Monitor Jenkins jobs with Datadog
Jenkins is an open source, Java-based continuous integration server that helps organizations build, test, and deploy projects automatically. Jenkins is widely used, having been adopted by organizations like GitHub, Etsy, LinkedIn, and Datadog.
You can set up Jenkins to test and deploy your software projects every time you commit changes, to trigger new builds upon successful completion of other builds, and to run jobs on a regular schedule. With hundreds of plugins, Jenkins supports a wide variety of use cases.
As shown in the out-of-the-box dashboard below, our Datadog plugin will provide more insights into job history and trends than Jenkins’s standard weather reports. You can use the plugin to:
- Set alerts for important build failures
- Identify trends in build durations
- Correlate Jenkins events with performance metrics from other parts of your infrastructure in order to identify and resolve issues
Monitor Jenkins build status in real-time
Once you install the Jenkins-Datadog plugin, Jenkins activities (when a build starts, fails, or succeeds) will start appearing in your Datadog event stream. You will also see what percentage of builds failed within the same job, so that you can quickly spot which jobs are experiencing a higher rate of failure than others.

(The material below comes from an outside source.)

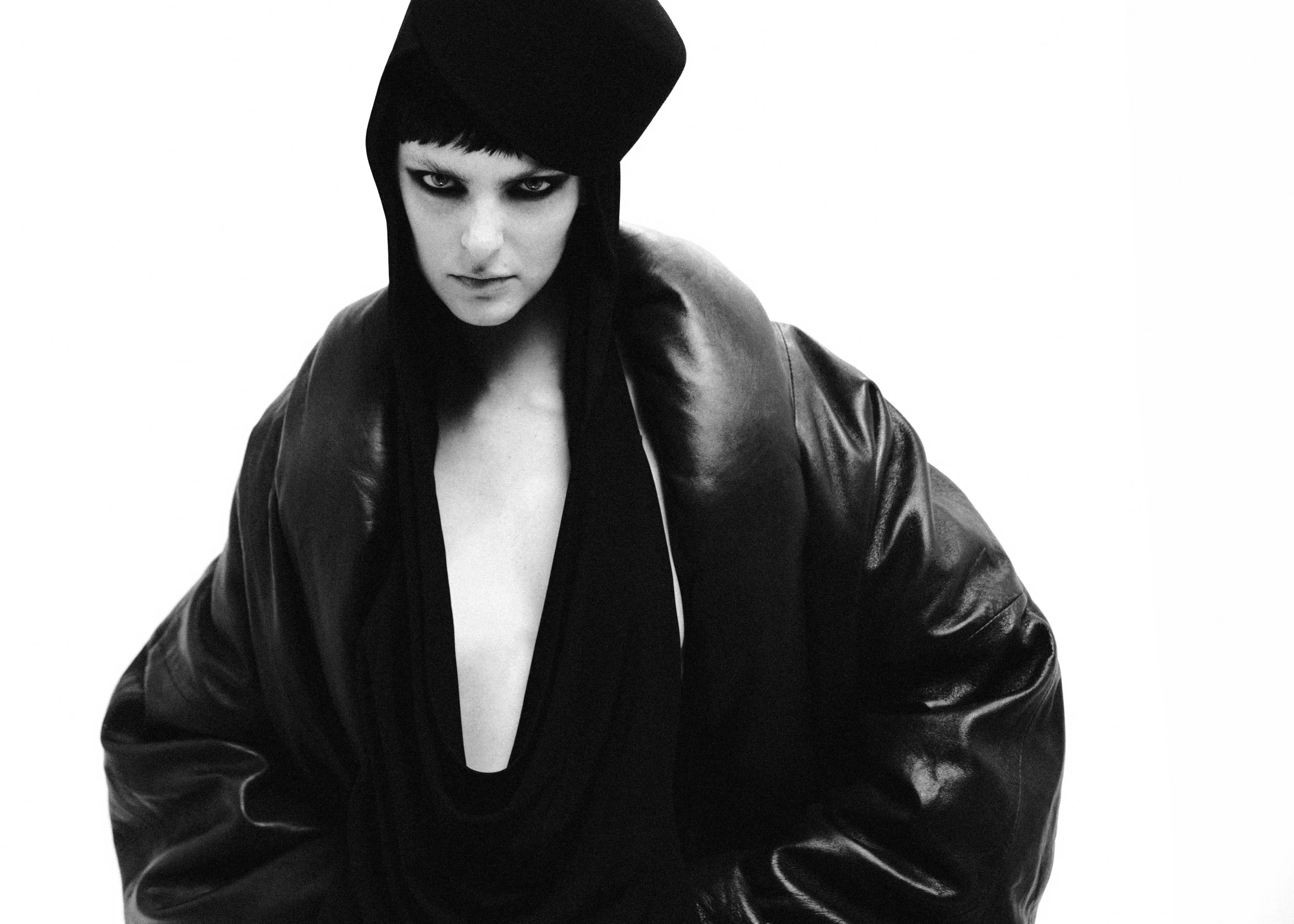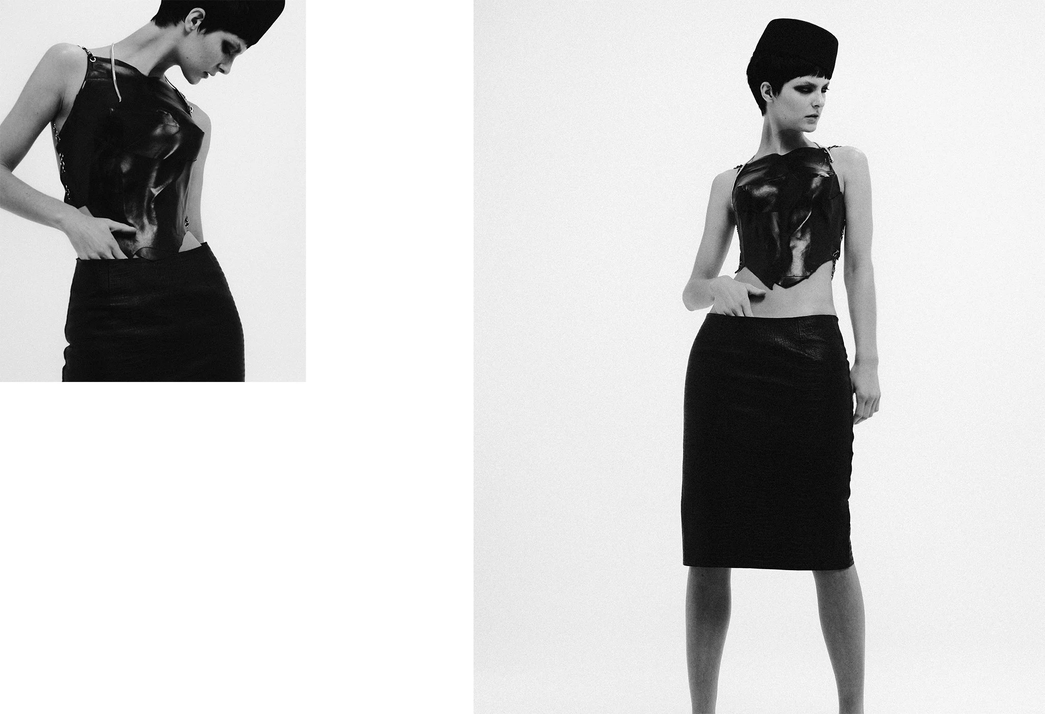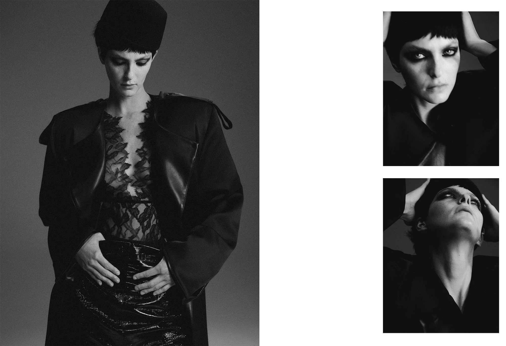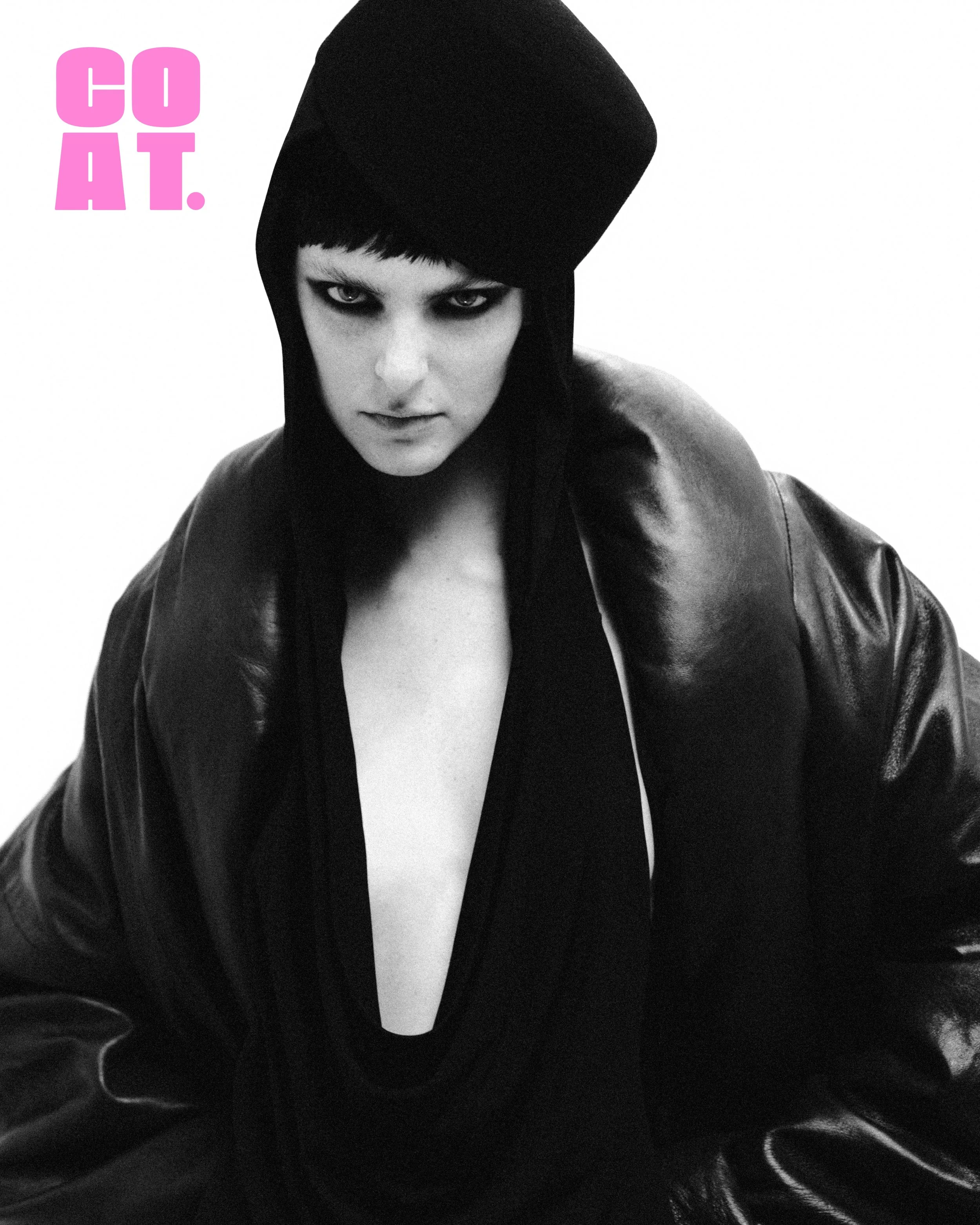 Chloe wears Esse Studios coat, bodysuit, skirt, hat stylist’s own

Remember to blacklist any jobs you don’t want to track by indicating them in your plugin configuration.
Datadog’s Jenkins dashboard gives you a high-level overview of how your jobs are performing. The status widget displays the current status of all jobs that have run in the past day, grouped by success or failure. To explore further, you can also click on the widget to view the jobs that have failed or succeeded in the past day.
You can also see the proportion of successful vs. failed builds, along with the total number of job runs completed over the past four hours.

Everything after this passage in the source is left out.